Brief —
Pictures are to be left out, and only the lines below starting at the one with "VIN: 2HGFE2F56RH549450" and ending at the one with "Per uomo Stampa" are to be reproduced, each exactly, both ends included.

Data section —
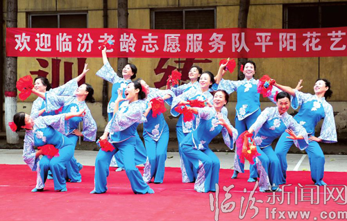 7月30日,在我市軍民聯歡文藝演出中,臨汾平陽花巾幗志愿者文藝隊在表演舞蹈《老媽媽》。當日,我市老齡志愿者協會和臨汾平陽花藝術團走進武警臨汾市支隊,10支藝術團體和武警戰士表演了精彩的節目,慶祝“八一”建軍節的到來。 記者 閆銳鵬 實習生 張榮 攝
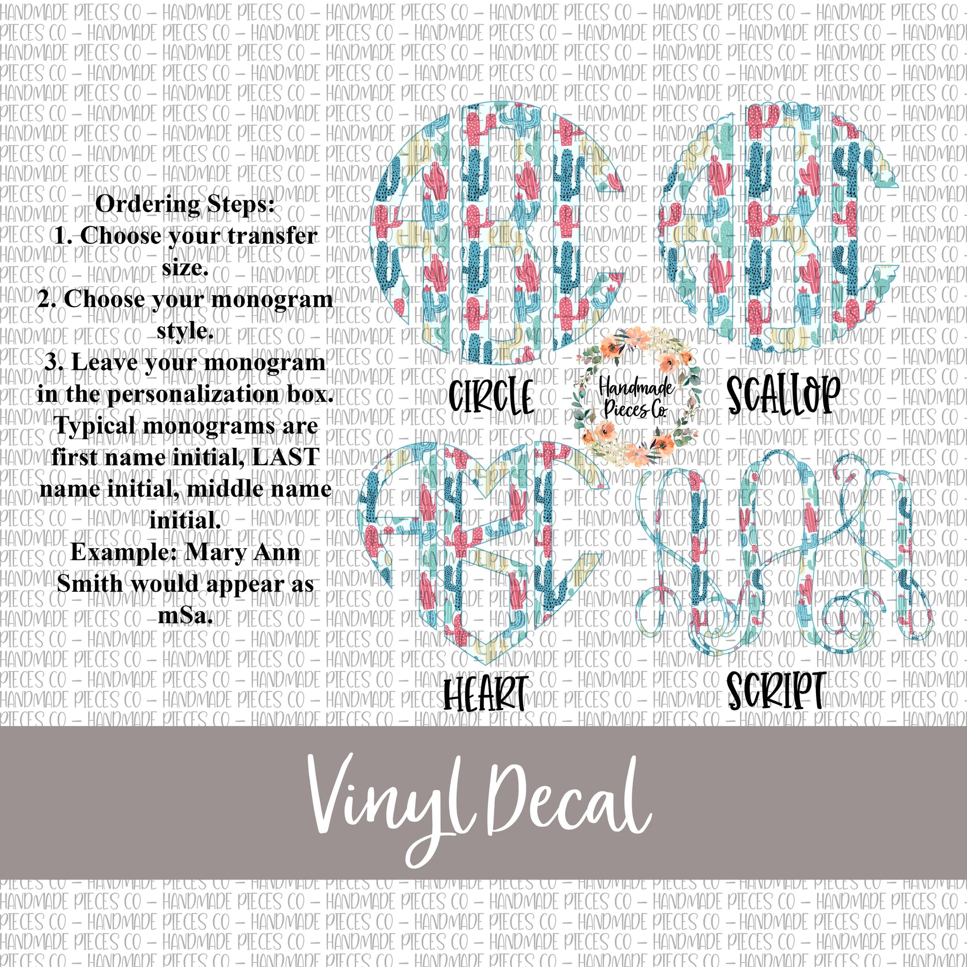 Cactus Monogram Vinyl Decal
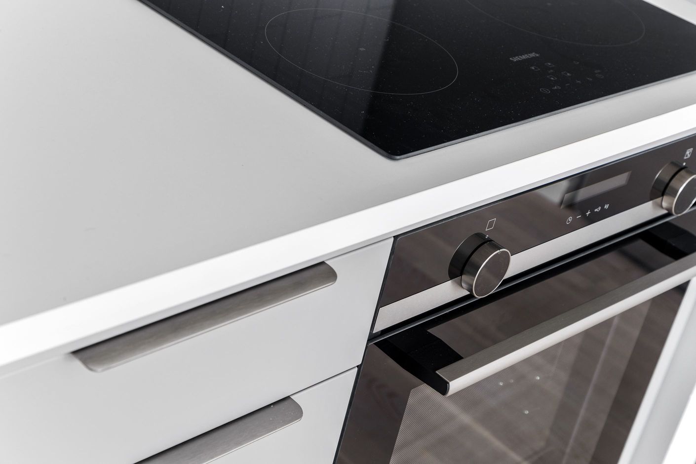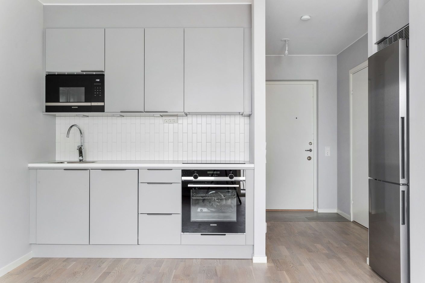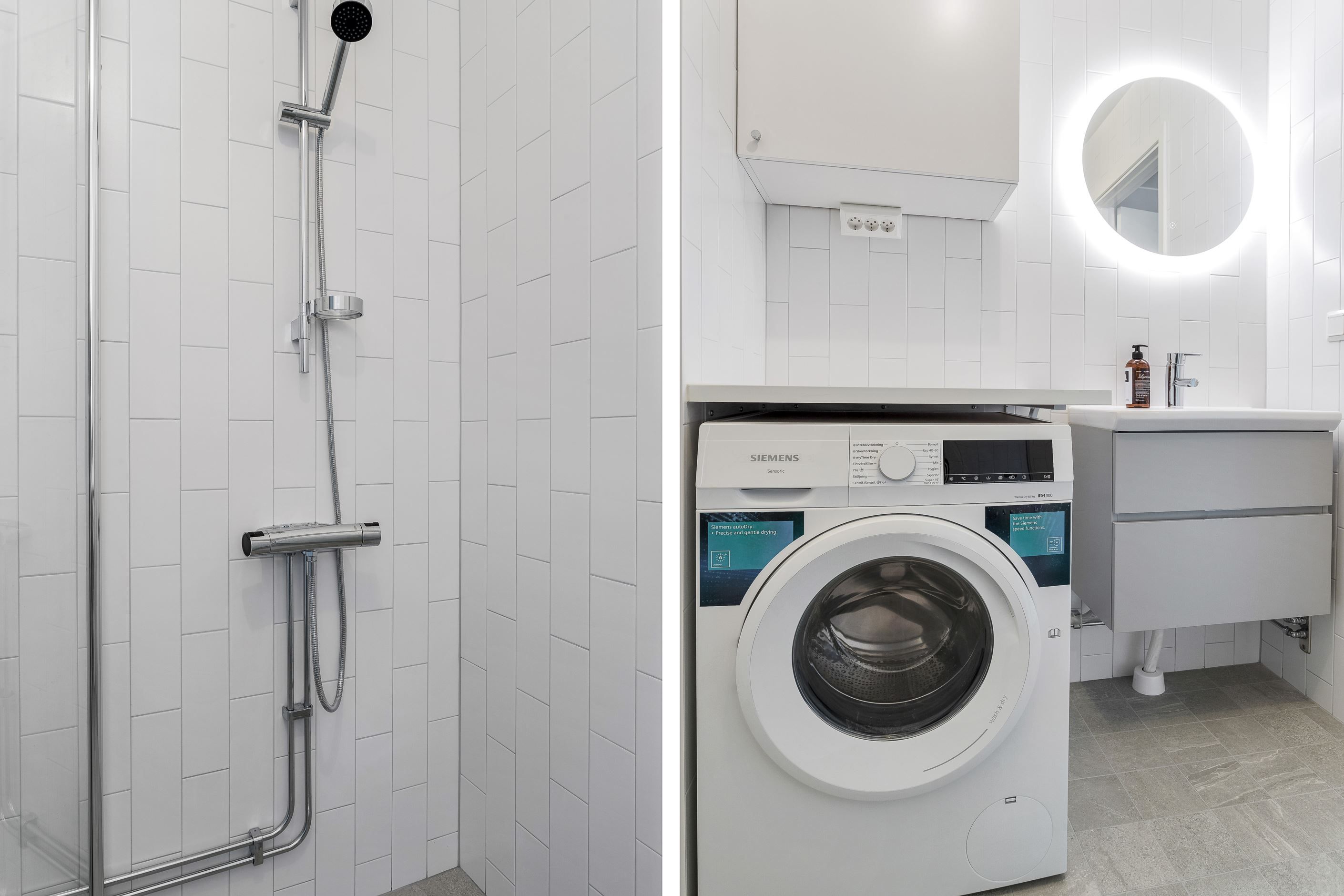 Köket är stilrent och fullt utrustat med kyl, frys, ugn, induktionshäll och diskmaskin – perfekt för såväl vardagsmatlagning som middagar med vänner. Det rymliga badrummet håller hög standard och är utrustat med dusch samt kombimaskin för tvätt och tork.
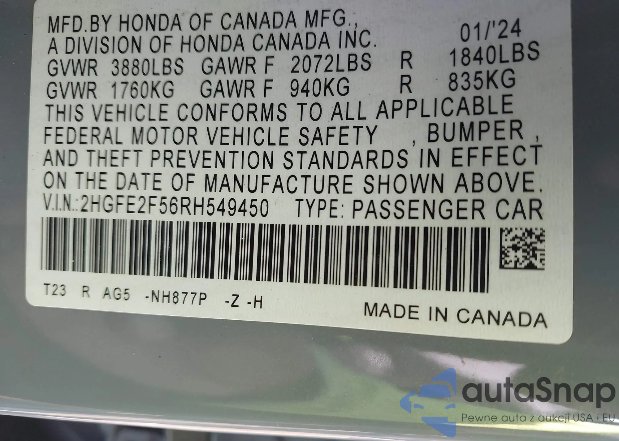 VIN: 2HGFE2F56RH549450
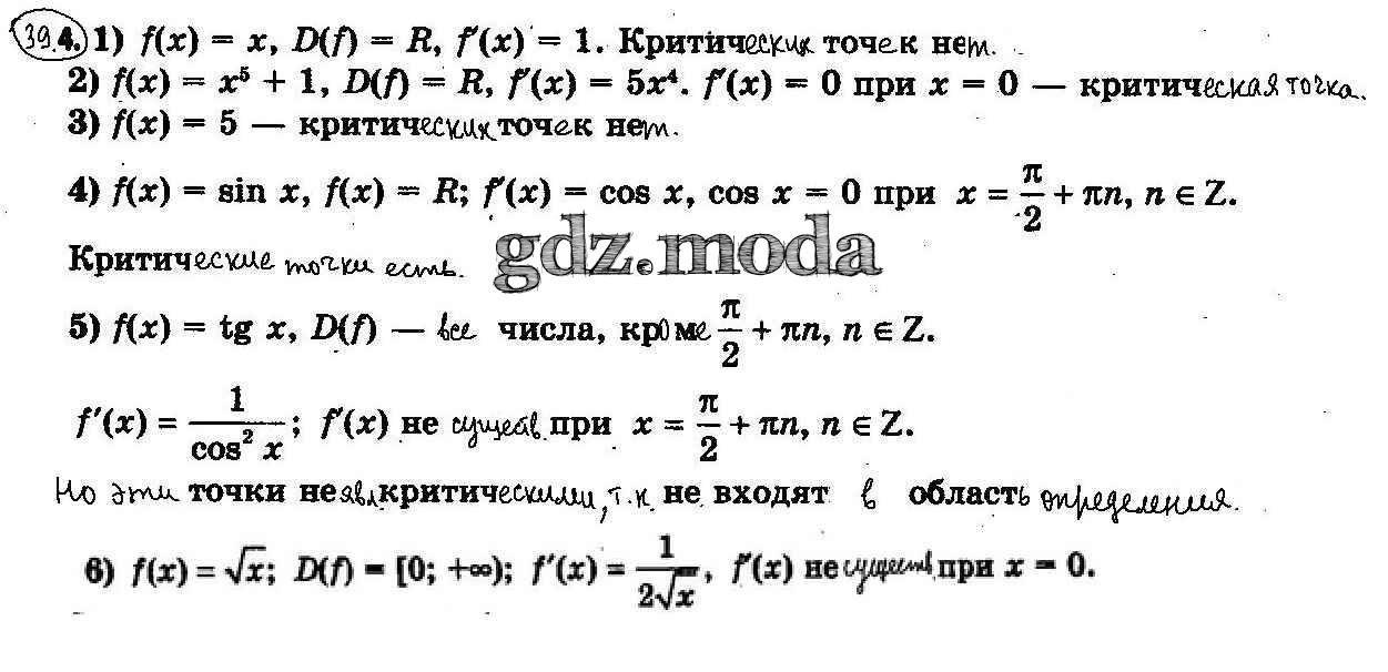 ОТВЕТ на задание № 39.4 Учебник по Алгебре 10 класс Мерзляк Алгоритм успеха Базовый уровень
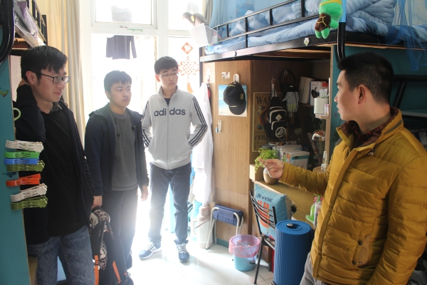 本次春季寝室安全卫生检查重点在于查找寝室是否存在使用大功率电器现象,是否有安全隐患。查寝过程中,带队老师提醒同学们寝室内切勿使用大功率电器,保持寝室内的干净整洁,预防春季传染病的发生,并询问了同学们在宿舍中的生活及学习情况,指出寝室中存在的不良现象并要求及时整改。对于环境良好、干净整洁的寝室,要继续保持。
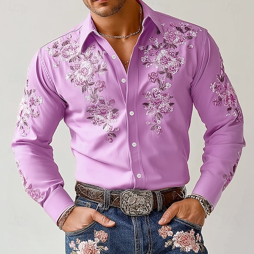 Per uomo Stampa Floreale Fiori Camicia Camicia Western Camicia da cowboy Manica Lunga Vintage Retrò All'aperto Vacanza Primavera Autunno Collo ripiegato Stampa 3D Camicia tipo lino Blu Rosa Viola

* * *

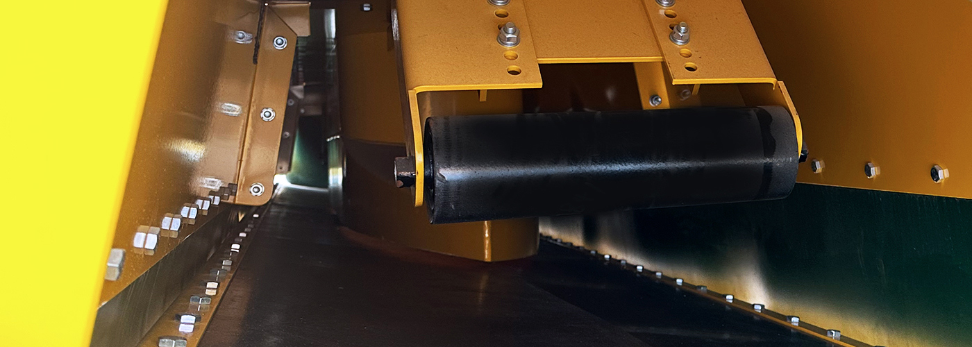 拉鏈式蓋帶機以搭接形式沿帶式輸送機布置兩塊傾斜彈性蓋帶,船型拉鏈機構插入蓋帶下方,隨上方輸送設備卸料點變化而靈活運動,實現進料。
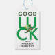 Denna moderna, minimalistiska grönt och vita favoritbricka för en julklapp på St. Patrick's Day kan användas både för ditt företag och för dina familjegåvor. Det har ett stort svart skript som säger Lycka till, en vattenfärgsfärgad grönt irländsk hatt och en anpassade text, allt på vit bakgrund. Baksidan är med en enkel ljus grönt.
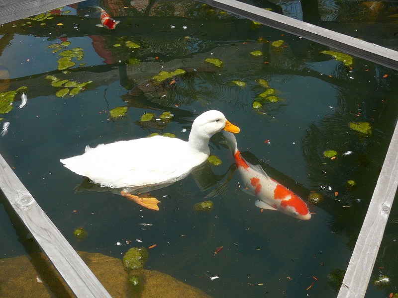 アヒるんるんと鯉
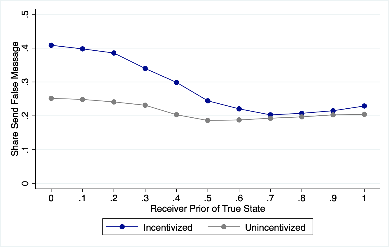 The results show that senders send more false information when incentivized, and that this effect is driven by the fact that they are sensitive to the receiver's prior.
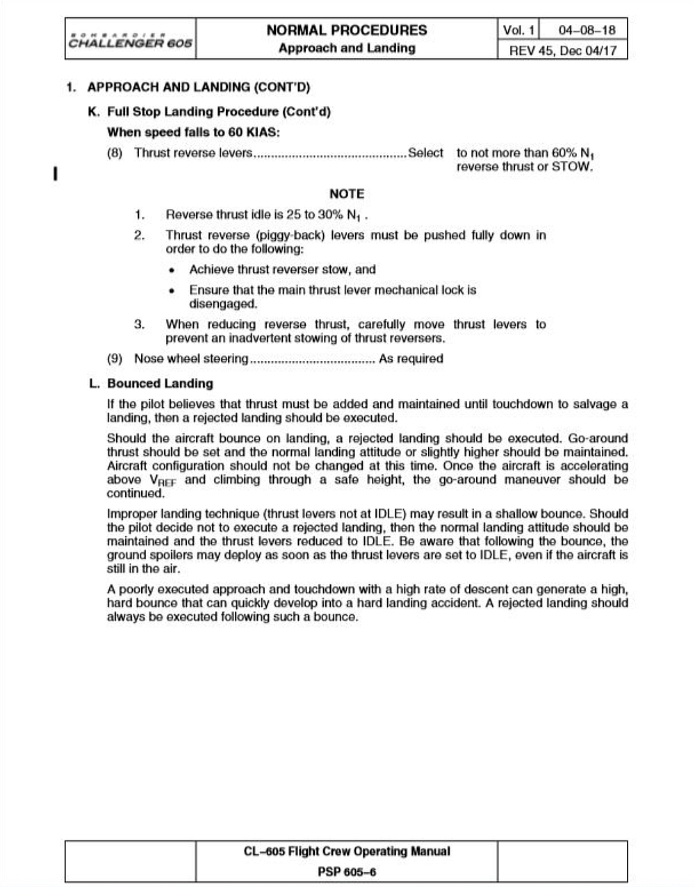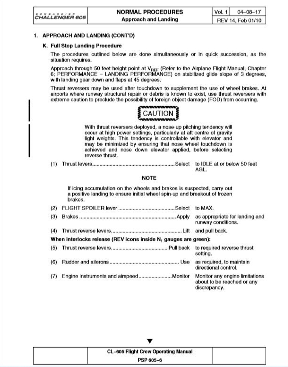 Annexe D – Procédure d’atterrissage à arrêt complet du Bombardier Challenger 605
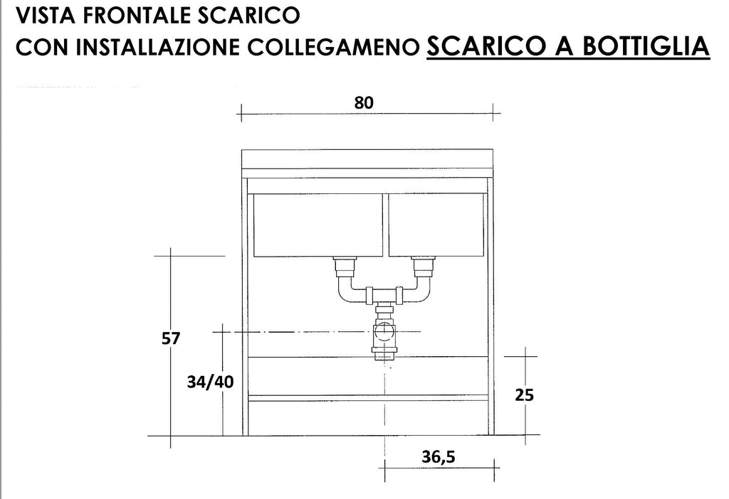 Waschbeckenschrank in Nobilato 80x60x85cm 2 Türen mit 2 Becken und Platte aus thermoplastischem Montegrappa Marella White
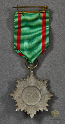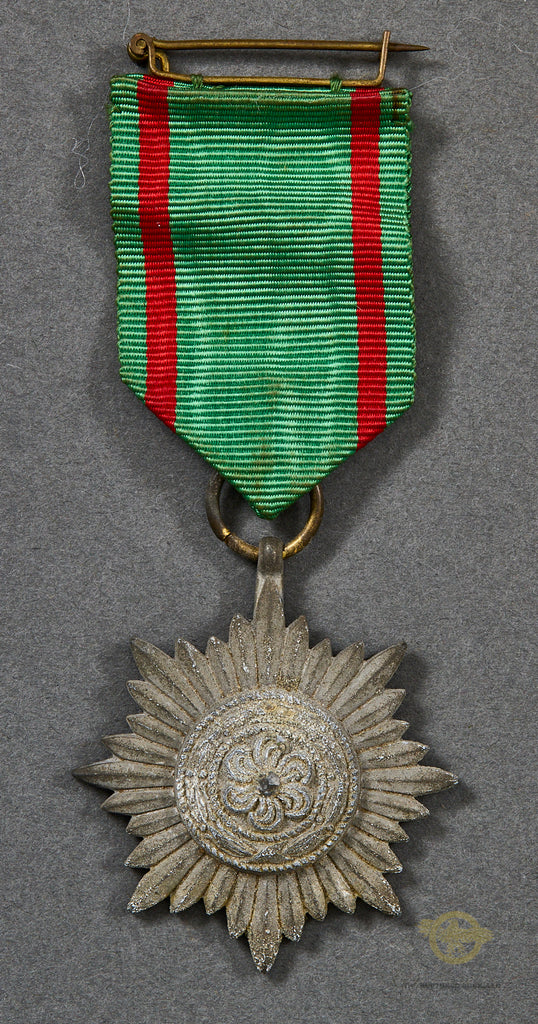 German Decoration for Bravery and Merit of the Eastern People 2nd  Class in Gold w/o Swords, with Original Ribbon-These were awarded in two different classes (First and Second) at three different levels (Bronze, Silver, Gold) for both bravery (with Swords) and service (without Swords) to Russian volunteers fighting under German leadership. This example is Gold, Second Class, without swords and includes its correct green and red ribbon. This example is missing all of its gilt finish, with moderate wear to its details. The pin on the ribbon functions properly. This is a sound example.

Finished task —
 VIN: 2HGFE2F56RH549450
 ОТВЕТ на задание № 39.4 Учебник по Алгебре 10 класс Мерзляк Алгоритм успеха Базовый уровень
 本次春季寝室安全卫生检查重点在于查找寝室是否存在使用大功率电器现象,是否有安全隐患。查寝过程中,带队老师提醒同学们寝室内切勿使用大功率电器,保持寝室内的干净整洁,预防春季传染病的发生,并询问了同学们在宿舍中的生活及学习情况,指出寝室中存在的不良现象并要求及时整改。对于环境良好、干净整洁的寝室,要继续保持。
 Per uomo Stampa Floreale Fiori Camicia Camicia Western Camicia da cowboy Manica Lunga Vintage Retrò All'aperto Vacanza Primavera Autunno Collo ripiegato Stampa 3D Camicia tipo lino Blu Rosa Viola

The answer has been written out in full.